O deputado também disse que os problemas climáticos, como a crise hídrica, também têm afetado o setor, que responde por 30% do PIB do setor agrícola do Brasil. Para ele, pode sair da comissão geral um documento com recomendações para o governo federal.

Causas
Em discurso lido pelo deputado Zé Silva (SD-MG), o presidente da Câmara, Eduardo Cunha, destacou que o setor enfrenta desde 2007 uma das piores crises da sua história. Ele destacou que quase 60 usinas fecharam as portas só na região Sul, o que acarretou perda para os empresários, trabalhadores e toda a cadeia produtiva. “O setor ainda não conseguiu se recuperar”, salientou .
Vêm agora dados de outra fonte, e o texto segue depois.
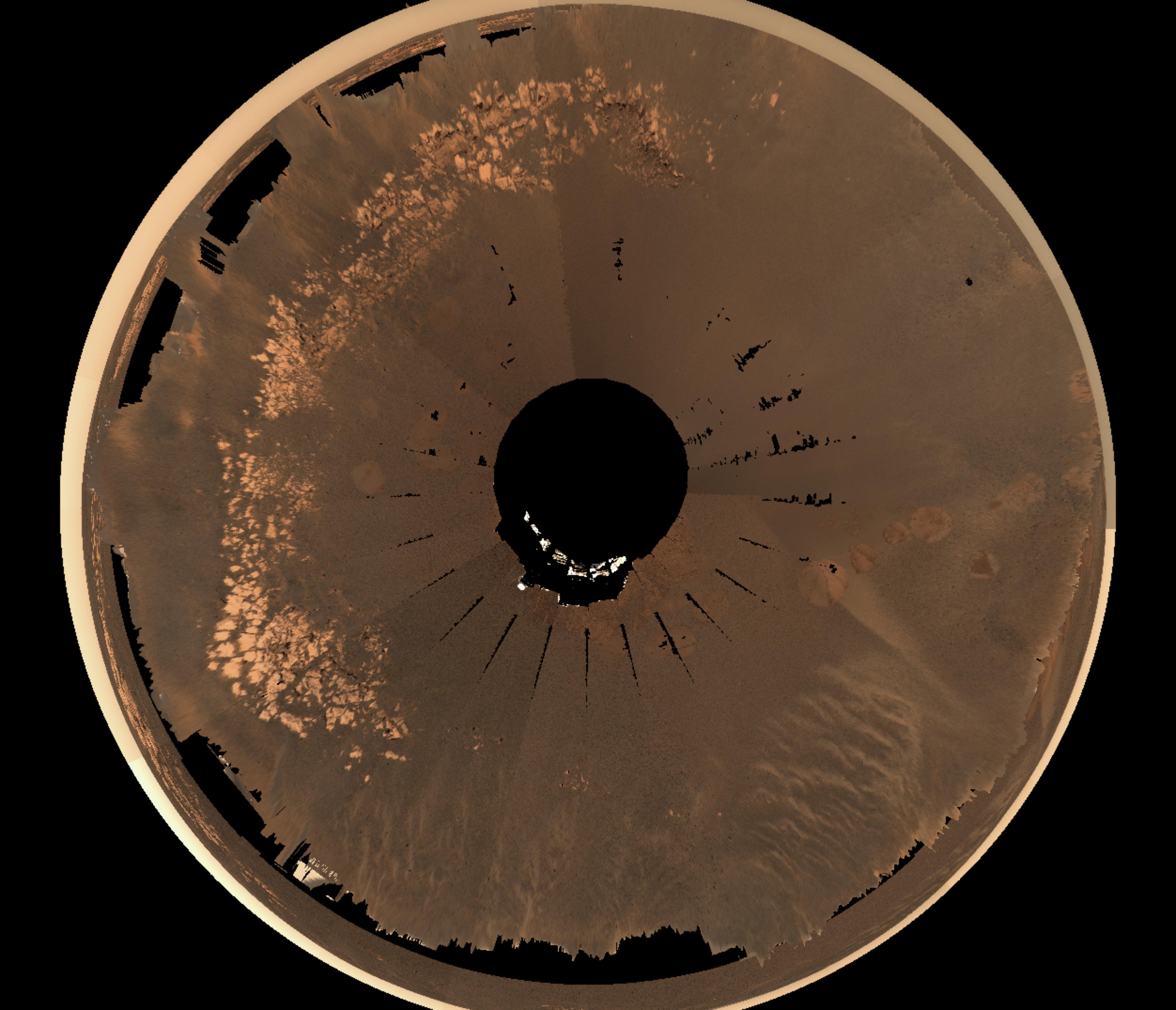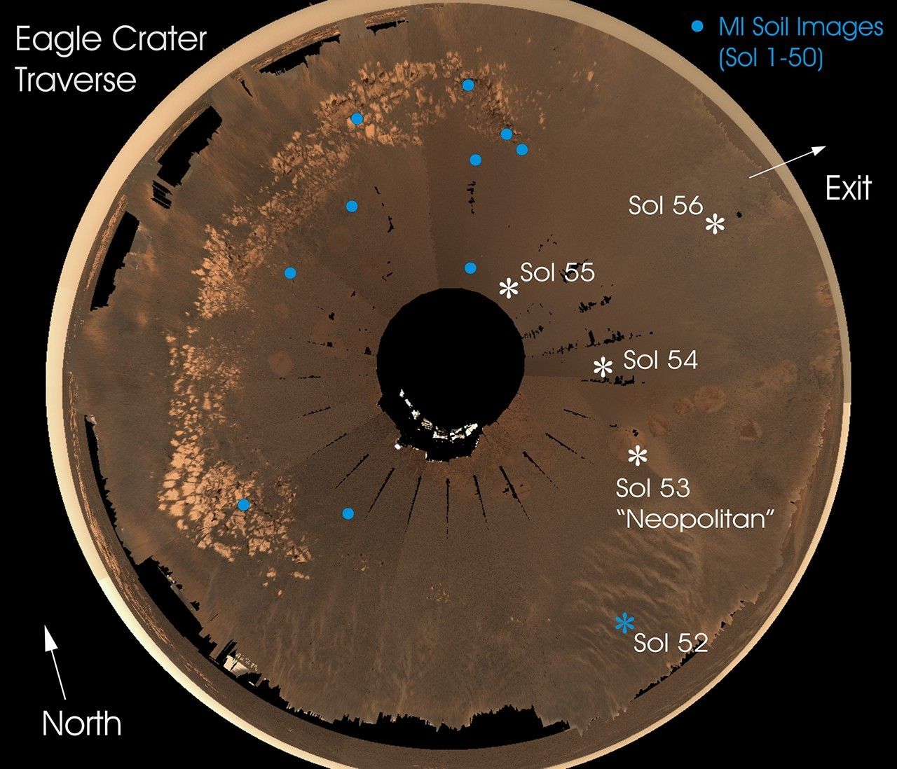 This image shows an overhead view of the Mars Exploration RoverOpportunity landing site at Meridiani Planum, nicknamed "EagleCrater." Scientists are conducting a soil survey here to see how thesoils in this crater relate to the soils near the Meridiani Planum rockoutcrop, as well as on the plains outside the crater. Scientists havestudied the soils in great detail on the north and west sides of thecrater, and plan to study five more locations before Opportunity exits thecrater. As of sol 54 of Opportunity's journey (March 18, 2004), the rover isstationed at the sol 53 stop, located in the bottom right quadrant of thisimage. Scientists are examining light and dark soil targets at this spot,dubbed "Neopolitan" because it is a triple boundary between light soil,dark soil, and an airbag bounce mark.
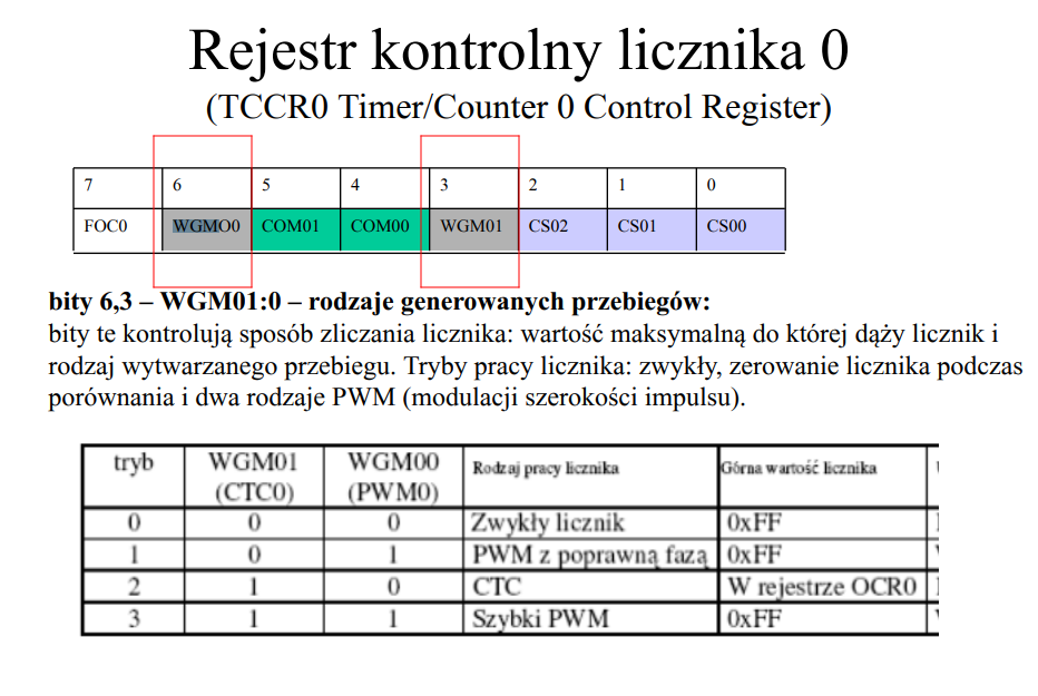 impulsu (PWM) z wykorzystaniem odpowiednich trybów liczników wbudowanych w mikrokontroler

Segundo Cunha, o início do problema foi a crise econômica global, “mas a sua persistência chama a atenção”. Para ele, “o alto grau de endividamento merece exame cuidadoso, pois parece sustentar um círculo vicioso”. Conforme o presidente, as empresas têm acumulado dívidas, perdendo a capacidade de produção e necessitando de ainda mais recursos.

O presidente chama atenção para algumas iniciativas do governo neste ano que representaram um alívio momentâneo para o setor, como o aumento da Cide e PIS/Cofins incidentes sobre a gasolina, o que beneficiou o etanol. Mas, para ele, é preciso definir a posição do etanol na matriz energética brasileira.